A city law firm has criticised HM Revenue and Customs (HMRC) for paying informants to provide details on possible tax evasion, saying there were "ethical risks" tied to the practice.
RPC said the practice of paying informants opened up the risk of increased data theft as disgruntled employees with an axe to grind could be persuaded into leaking information. HMRC paid informants more than £343,000 for intelligence on potential tax evasion in 2017/18.
The practice is not only used in corporate settings: it has been used by HMRC to receive information from couples on the brink of divorce about the finances of their partner after relations have broken down.
In both cases, there was the risk that false or misleading information could be passed on to the authorities who may then open up an unnecessary investigation, RPC said.
RPC tax partner Adam Craggs said: “Concerns have been raised that paying informants for intelligence on tax evasion might appear to legitimise data theft, raising both legal and ethical issues.
“HMRC appear to be willing to utilise any information that they receive, irrespective of its provenance, as they did when they received stolen data from HSBC Suisse. It seems that as long as the data may increases the tax yield, HMRC will utilise it.”
HMRC has been ramping up its crackdown in recent years following a wave of public anger at large corporations such as Apple and Amazon avoiding tax. This year, the retail giant paid a tax bill of just £1.7m, despite reporting a turnover of £2bn. Amazon has said it paid all the taxes required by UK law.
A spokesperson for HMRC said: "It is only right that people who have information that could help us to investigate tax evasion are able to get that information to us quickly and easily. The vast majority of people pay their taxes and rightly expect us to tackle the minority who seek to evade making their lawful contribution to our vital public services.
"All personal data is protected by law and our fraud hotline operates within that important legislation."

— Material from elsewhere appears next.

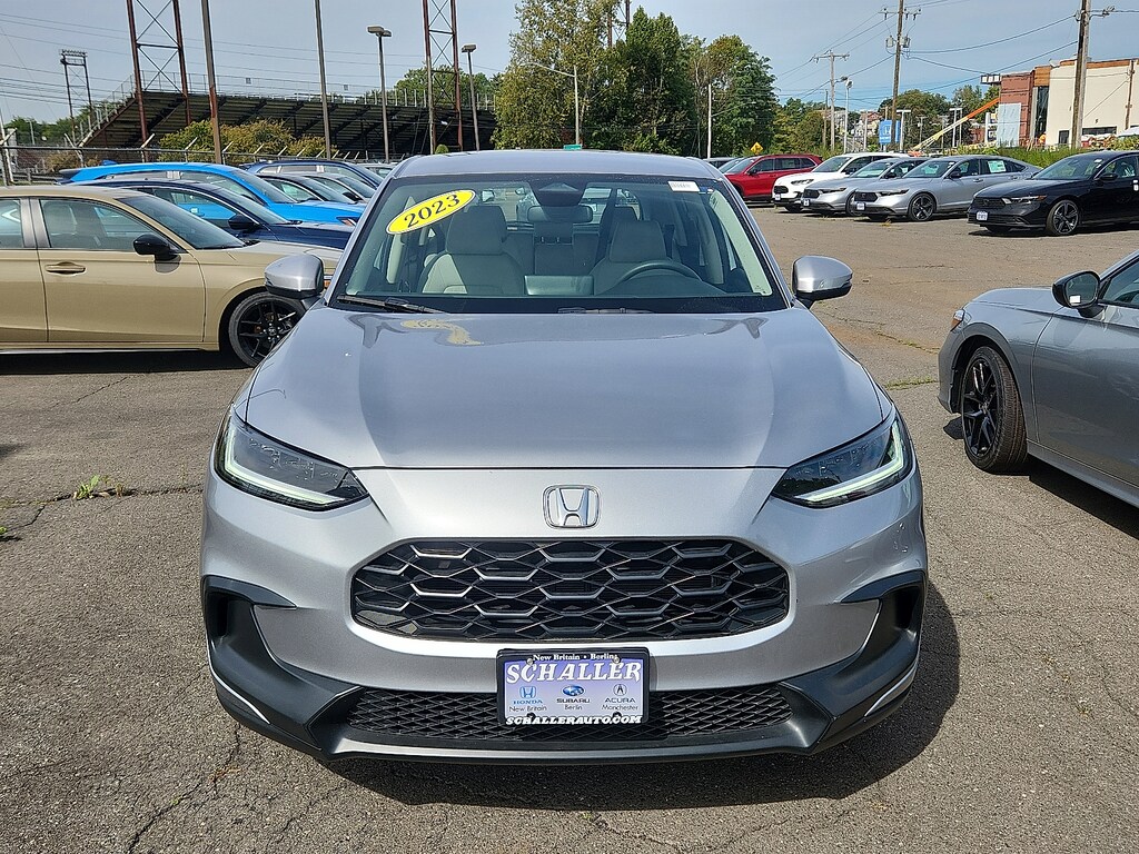 "Silver 2023 Honda HR-V LX 2.0L I4 DOHC 16V i-VTEC CVT AWD4 Speakers 4-Wheel Disc Brakes 5.436 Axle Ratio ABS brakes Adaptive Cruise Control: Adaptive Cruise Control (ACC) with Low-Speed Follow Air Conditioning Alloy wheels AM/FM radio Apple CarPlay/Android Auto Auto High-beam Headlights Automatic temperature control Brake assist Bumpers: body-color Cloth Seat Trim Delay-off headlights Driver door bin Driver vanity mirror Dual front impact airbags Dual front side impact airbags Electronic Stability Control Emergency communication system: HondaLink Exterior Parking Camera Rear Four wheel independent suspension Front anti-roll bar Front Bucket Seats Front Center Armrest Front reading lights Fully automatic headlights Illuminated entry Knee airbag Low tire pressure warning Occupant sensing airbag Outside temperature display Overhead airbag Panic alarm Passenger door bin Passenger vanity mirror Power door mirrors Power steering Power windows Radio data system Radio: 180-Watt Audio System w/4 Speakers Rear anti-roll bar Rear reading lights Rear side impact airbag Rear window defroster Rear window wiper Remote keyless entry Security system Speed control Speed-sensing steering Split folding rear seat Spoiler Steering wheel mounted audio controls Tachometer Telescoping steering wheel Tilt steering wheel Traction control Trip computer Variably intermittent wipers Wheels: 17""Silver Painted Alloy. Odometer is 10512 miles below market average! 25/30 City/Highway MPGSchaller Auto Group has TWO Used Car Locations: Right off Route 9 in New Britain and Route 9 and the Berlin Turnpike in Berlin. Please call 860-826-2023 to confirm this Vehicle's Location. All of our Pre-Owned Vehicles go through our Comprehensive 125 Point Quality Inspection. Every Schaller pre-owned vehicle comes with warranty coverage! With all budgets in mind we now offer Schaller âValue Carsâ starting at $2995 and include a 30 day satisfaction guarantee and all come with a FREE Carfax Vehicle History Report. The Schaller Auto Group is Family Owned and Operated for Over 65 Years and is known for Selling Top Quality Used Vehicles and Standing behind them After the Sale!"
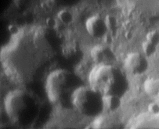 Луна (20,08,2018г) труба SW1021 на HEQ-5, камера *Люминера*, прямой фокус-ЛБ2х-ЛБ5х. Группа кратеров Orontius,Saussure,Huggins,Nasieddin,Miller. Обработка: PIPP, AS2, RS6,FS. Ролики по 2000к. 30к/с, стек 10%

Other practices employed by HMRC to claw back tax receipts have also come under scrutiny. They include having the power to take money directly from a taxpayer's bank account; accelerated payment notices, whereby HMRC can demand the payment of a tax bill within 90 days and without first establishing in a tax tribunal whether tax is liable; and the use of private sector debt collectors who are known to adopt aggressive methods in tax collection.